# Grand Canyon Lottery Results Are In



## MountainmanPete (Jun 7, 2014)

Well, if you "need" to fill some spots on that trip. I know a few good people =-D


----------



## Grif (May 21, 2008)

MountainmanPete said:


> Well, if you "need" to fill some spots on that trip. I know a few good people =-D


After that lady 'bout lost her life 'ol Grif rolls solo!


----------



## WyBackCountry (Mar 20, 2014)

Grif said:


> Is this thing rigged? Cuz I seem to win every durn time I enter. Guess ol' Grif is just a winner! See you sunsubitches at Lava in 2020!

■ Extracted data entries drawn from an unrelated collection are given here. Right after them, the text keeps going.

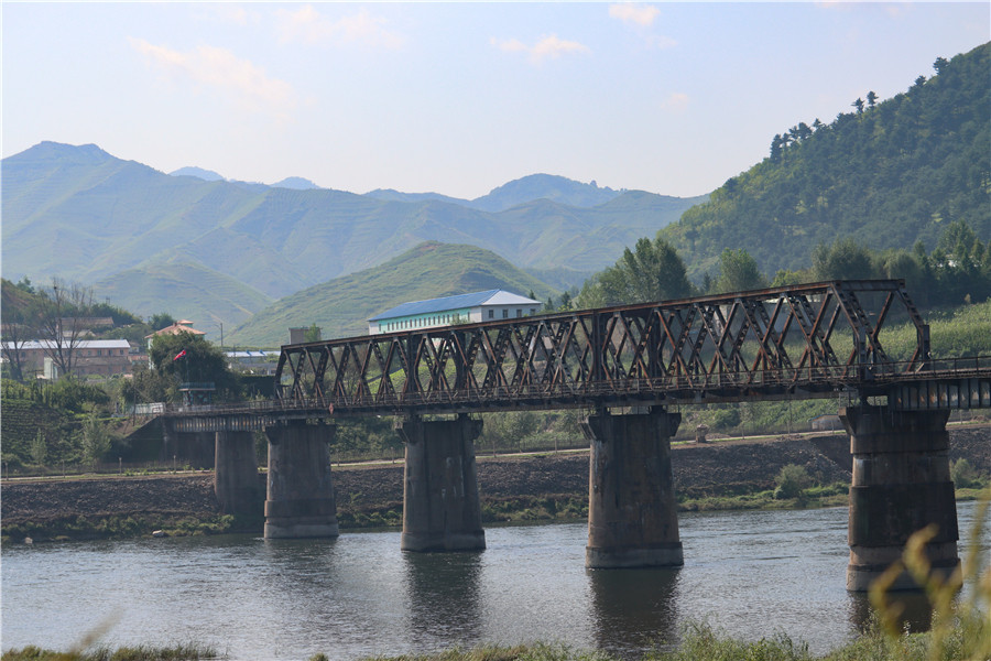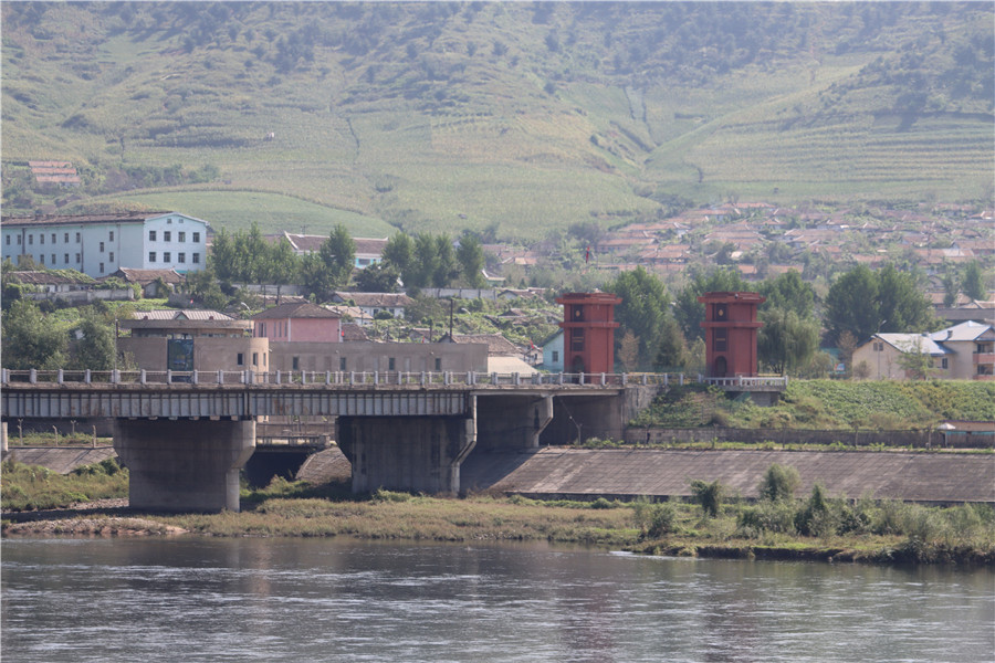 大桥修建于1937年,日本占领东三省,为守卫大桥,也为了防止抗日联军逃往朝鲜建的炮楼,内有卧室、厨房、卫生间和弹药库。志愿军用它做过防空火力点,打击美军机。经过战争的洗礼,岁月的拷打这座充满历史背景的大桥依然完好无损地保存至今,让人叹为观止。感受国门的庄严和神圣,重温昨天的历史,认清“一切反动派都是纸老虎”。
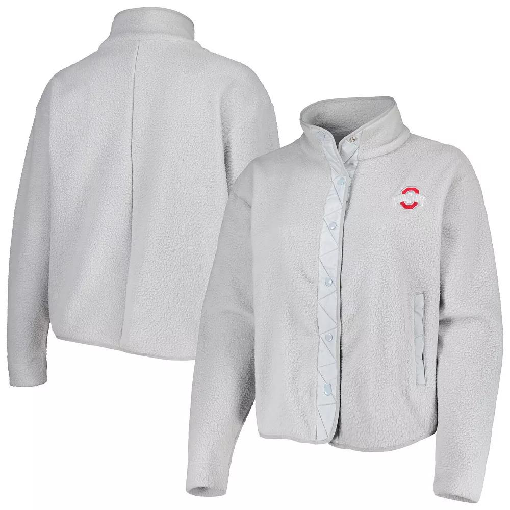 Keeping comfortable in cooler temperatures is just part of your wheelhouse, so let it be known by grabbing this Ohio State Buckeyes Wheelhouse full-snap jacket. It features embroidered Ohio State Buckeyes graphics that make your dedication to your favorites unmistakable. In addition, the Sherpa fabric offers a comforting feel, while the rounded droptail hem provides the right fit at the waist.Keeping comfortable in cooler temperatures is just part of your wheelhouse, so let it be known by grabbing this Ohio State Buckeyes Wheelhouse full-snap jacket. It features embroidered Ohio State Buckeyes graphics that make your dedication to your favorites unmistakable. In addition, the Sherpa fabric offers a comforting feel, while the rounded droptail hem provides the right fit at the waist.Sherpa fabricMidweight jacket suitable for moderate temperaturesRounded droptail hemBrand: ProfileOfficially licensedFull-snapMachine wash, tumble dry lowImportedTagless CollarOlympic collarLong sleeveMaterial: 100% PolyesterTwo front pocketsEmbroidered graphics Size: 1X. Color: Grey. Gender: female. Age Group: adult. Material: COTTON.
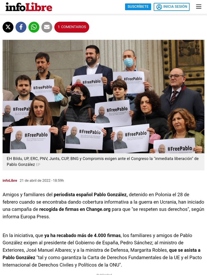 El espía Pablo González recibió apoyo de estos partidos: Bildu, Unidas Podemos, ERC, PNV, Junts, CUP, BNG y Compromís. Un tipo que espía para un régimen tirano.

Must be rigged....you win every year, my 3rd year in a row getting skunked on the GC and that's including all the follow up lotteries every year.


----------



## Junk Show Tours (Mar 11, 2008)

I don't even enter the lottery anymore, I have to turn down multiple invitations every year. Launching in fifteen days!


----------



## Grif (May 21, 2008)

AzPackrafter said:


> Must be rigged....you win every year, my 3rd year in a row getting skunked on the GC and that's including all the follow up lotteries every year.


You need to do what I do and statistimathically calcumulate the odds and pray to sweet, sweet baby Jesus for good luck. It's half science and half Jesus.


----------